Metabolic syndrome is a cluster of risk factors — a large waistline, inactivity, insulin resistance — that raise your risk for heart disease and stroke. (9) Insulin resistance is often present in those who have prediabetes and type 2 diabetes, raising blood glucose levels slightly (but not high enough to be full-blown diabetes). (4)
“When you carry weight in your belly, you’re more than likely less responsive to insulin compared to someone who carries weight more diffusely through their body,” says Dr. Jampolis.
In fact, researchers concluded that waist circumference was predictive of type 2 diabetes in overweight adults and adults with obesity. The link was even stronger in women. (10)
Following a body type diet for an endomorph may help you adopt healthy eating patterns and exercise to improve insulin sensitivity and lose fat (particularly visceral fat) that may be putting your health at risk.

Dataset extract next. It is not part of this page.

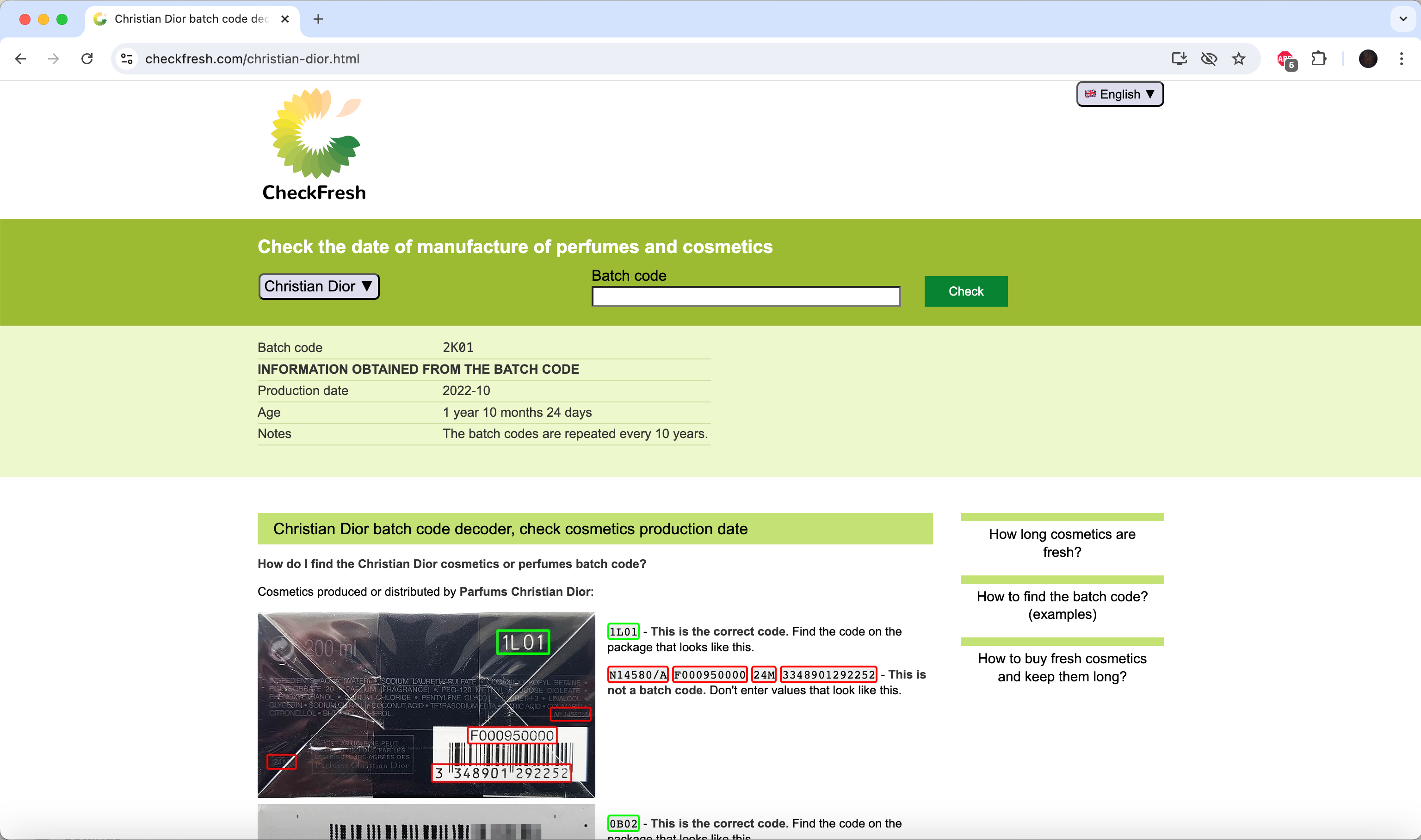This fragrance was made in October 2022. The Batch Code is 2K01

That said, Jampolis doesn’t agree with dieting for your somatotype. But when you move toward a healthier pattern of eating — and for someone with excess fat around their waist it could be reducing overall carb intake — you can trim your waistline to reduce your risk for health problems. Focus on your waist circumference rather than hitting a specific goal weight: Women should have a waist that’s under 35 inches, and the target for men is less than 40 inches. (11)
Besides there being a lack of large, long-term studies on the endomorph diet and the body type diet as a whole, this eating plan can pose some challenges that may prove insurmountable for some people.

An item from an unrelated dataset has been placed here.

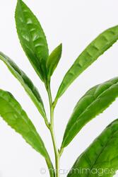 Royalty-Free photo of Green Tea leaves, Camellia sinensis, closeup of plant. Leaves of a tea plant on white studio background. Photo by Alex Maxim. This image is available for licensing for a variety of editorial and commercial uses in publications, designs, print and online.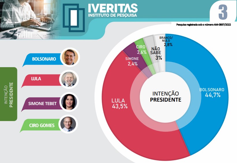 Desbancando Lula (PT), a pesquisa afirma que Bolsonaro tem 44,7% das intenções de votos, enquanto o adversário fica em segundo lugar com 43,5% pontos.

First comes the hurdle of cutting carbs.
Because of a potential overproduction of insulin, your body likely doesn’t manage carbs as well as the other body types. “I tell patients to eat lower levels of carbs and more healthy fats, particularly monounsaturated fatty acids,” says Jampolis. Examples of monounsaturated fats (MUFAs) are nuts, avocado, and olive oil. (12) “It’s also especially important to make most or all grains whole grain,” she says.
The problem arises because while it’s easy to tell someone to eat less bread, rice, pasta, crackers, and potatoes, it can be more difficult to put the rule into practice, especially if you’re accustomed to eating this way. That may make this type of diet more difficult to stick to for some folks. For instance, while a past study found that people with type 2 diabetes who followed a low-carb diet lost weight and were able to lower their insulin medication, they also discovered that they were unlikely to stick to the diet after six months. (13)
Reducing calorie consumption can also be challenging. “An endomorph has to be the strictest about their diet, including total calories and how many calories come from carbs, but if they do those things, they can slim down,” says Catudal. You’ll also have to maintain the same way of eating even after reaching your goals; otherwise, your body may bounce back to its starting point. “The way you got there is the lifestyle you have to maintain to stay there,” he says.